** Task requirements **
Using the listing below, set down exactly the lines from the one that contains "Code banque : associé" through the one that contains "授業を選択している生徒たちは", with no pictures.

** Dataset content **
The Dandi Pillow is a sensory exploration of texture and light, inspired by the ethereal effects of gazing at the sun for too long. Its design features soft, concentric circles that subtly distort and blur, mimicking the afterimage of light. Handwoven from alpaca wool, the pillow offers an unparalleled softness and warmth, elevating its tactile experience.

--

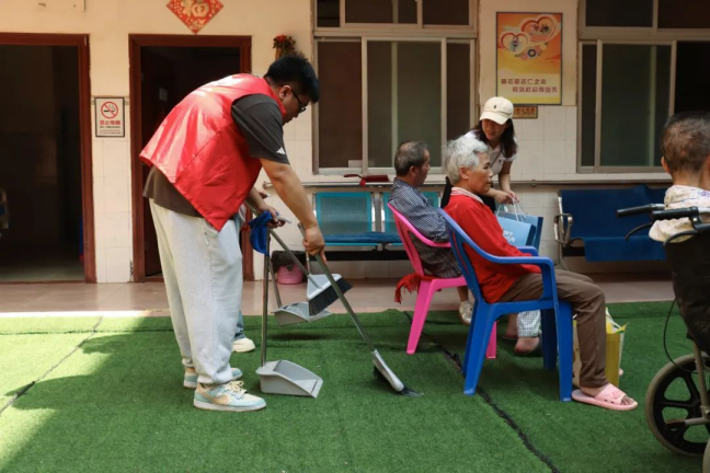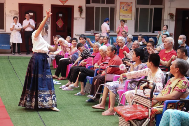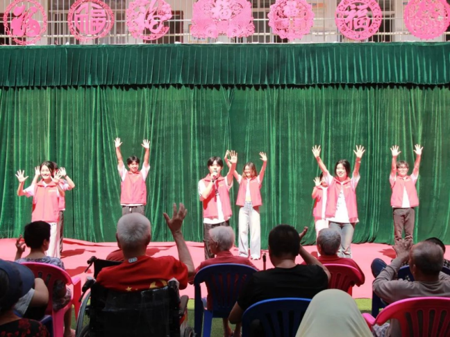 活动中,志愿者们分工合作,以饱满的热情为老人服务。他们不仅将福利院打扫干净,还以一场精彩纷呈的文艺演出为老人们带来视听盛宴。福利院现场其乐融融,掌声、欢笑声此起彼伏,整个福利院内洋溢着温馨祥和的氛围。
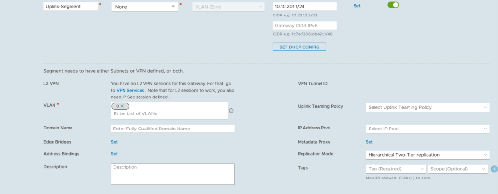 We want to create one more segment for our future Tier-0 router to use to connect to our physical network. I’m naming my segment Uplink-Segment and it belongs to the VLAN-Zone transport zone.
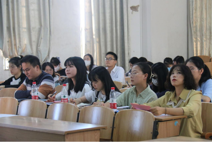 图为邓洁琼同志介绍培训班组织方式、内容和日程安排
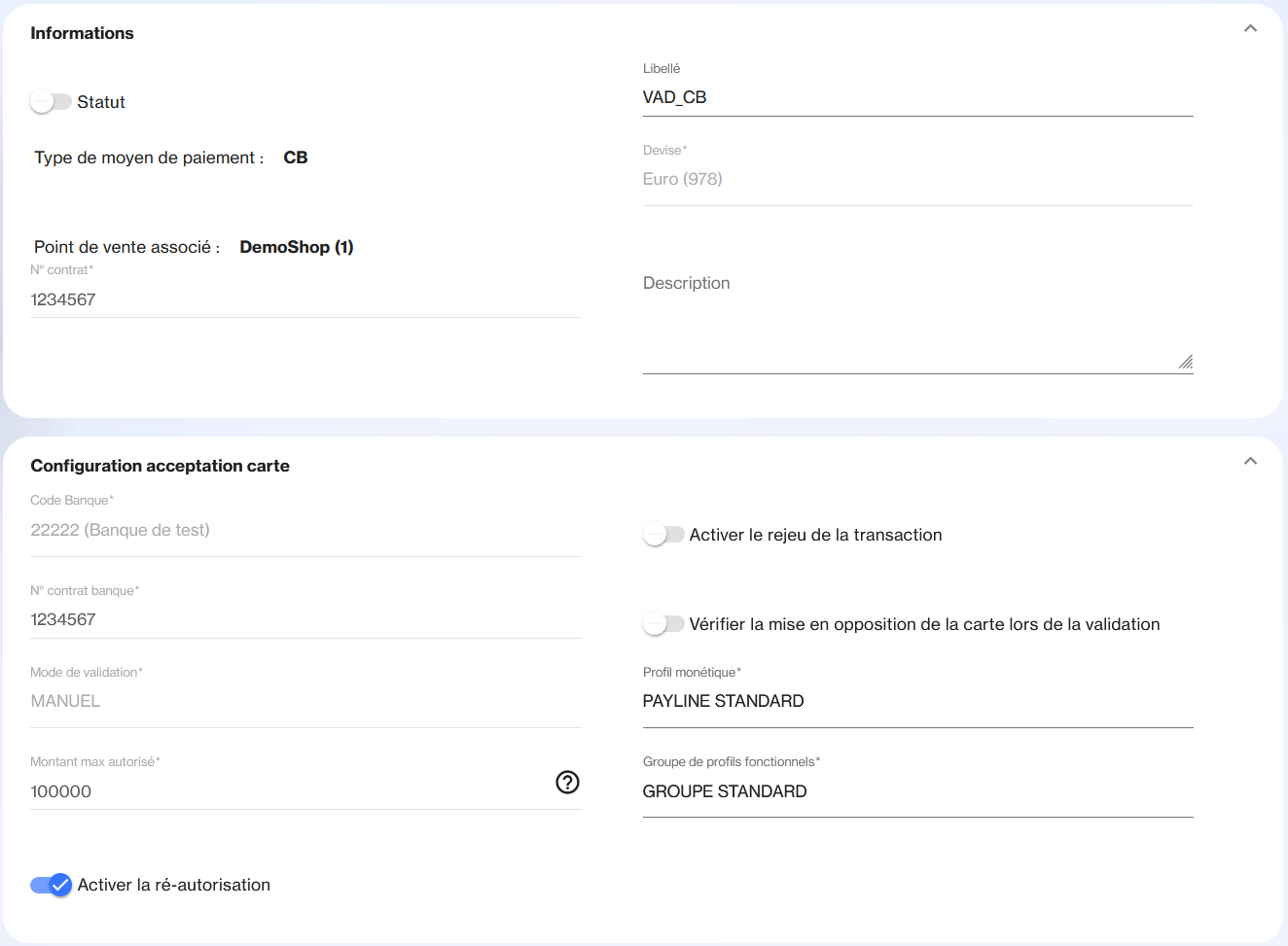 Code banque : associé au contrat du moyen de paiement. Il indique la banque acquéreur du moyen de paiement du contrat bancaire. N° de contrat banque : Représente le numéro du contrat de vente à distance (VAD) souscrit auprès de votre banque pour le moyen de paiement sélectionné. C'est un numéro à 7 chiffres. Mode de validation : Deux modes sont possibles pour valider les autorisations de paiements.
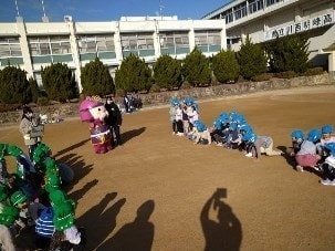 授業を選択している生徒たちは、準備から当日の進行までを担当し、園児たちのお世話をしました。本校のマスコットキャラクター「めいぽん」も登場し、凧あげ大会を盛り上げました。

** Written answer **
 Code banque : associé au contrat du moyen de paiement. Il indique la banque acquéreur du moyen de paiement du contrat bancaire. N° de contrat banque : Représente le numéro du contrat de vente à distance (VAD) souscrit auprès de votre banque pour le moyen de paiement sélectionné. C'est un numéro à 7 chiffres. Mode de validation : Deux modes sont possibles pour valider les autorisations de paiements.
 授業を選択している生徒たちは、準備から当日の進行までを担当し、園児たちのお世話をしました。本校のマスコットキャラクター「めいぽん」も登場し、凧あげ大会を盛り上げました。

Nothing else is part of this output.